STD — See Sexually Transmitted Disease.
Stein-Leventhal Disease: — Another name for Polycystic Ovaries.
Stem Cells — Cells from which other types of cells can develop. The ultimate stem cell might be a fertilized egg capable of producing the entire organism. Stem cells are the subject of cancer and other research such as transplants etc.
Sterility — An irreversible condition that prevents conception.
Sterilization — A surgical procedure designed to cause infertility, such as a tubal ligation or vasectomy.
Stillbirth — The death of a fetus between the twentieth week of gestation and birth.
Stimulated Cycle Oocyte Retrieval In (office) Fertilization (SCORIF) — The woman’s ovaries are stimulated with medications such as hMG or pure FSH. The eggs are removed by ultrasound aspiration from the ovaries. This procedure is done in the doctor’s office. The eggs are mixed with sperm and placed in a small plastic dish and left in the incubator for 2 days. The fertilized eggs are then transferred to the uterus through a small plastic catheter.
Superovulation — Using fertility medications to stimulate the growth of multiple follicles for ovulation. Also known as Controlled Ovarian Hyperstimulation (COH).
Subzonal Insertion (SUZI) — A predecessor to ICSI where the zona pellucida is punctured and sperm inserted into the area between the zona and the egg. Having more than one sperm enter the egg is a potential problem with this procedure.
Surrogate Mother — A woman who is artificially inseminated or undergoes an IVF procedure and carries to term a baby that will be adopted and raised by its genetic father and his partner. The term is usually used for a woman who is the biological mother of the baby she is carrying, while a gestational host carries a fetus that is not genetically hers.
SUZI — See Sub-zonal Insertion.
Synarel — A synthetic hormone used to treat endometriosis or for regulation before or during a controlled ovarian hyperstimulation cylce.

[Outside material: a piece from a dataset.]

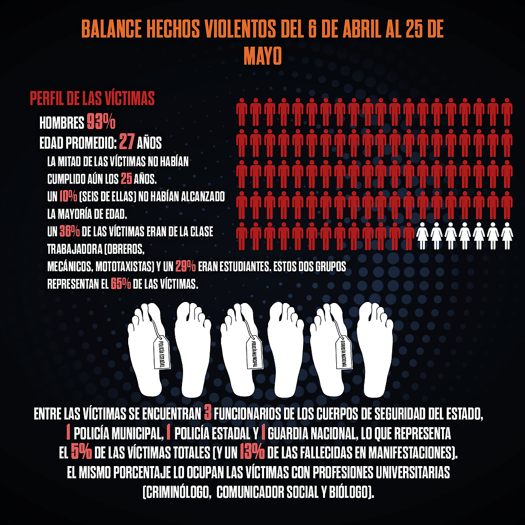 En cuanto al perfil de las víctimas el 93% son hombres, su edad promedio es de unos 27 años. El 36% pertenece a la clase trabajadora y un 29% son estudiantes, estos dos sectores constituyen el perfil mayoritario de las víctimas (65%).

Systemic Lupus Erythematosus (SLE) — An inflammatory connective tissue disease of unknown cause that occurs chiefly in women, is characterized by fever, skin rash, and arthritis, often by acute anemia, by small hemorrhages in the skin and mucous membrane, by inflammation of the pericardium, and in serious cases by involvement of the kidneys and central nervous system. If needed for arthritic symptoms or by women with the lupus anticoagulant, daily doses of aspirin and the steroid prednisone seem to reduce overall risk of pregnancy complications. Pregnancy complications in women with lupus can include blood clotting problems and a high risk of preterm delivery.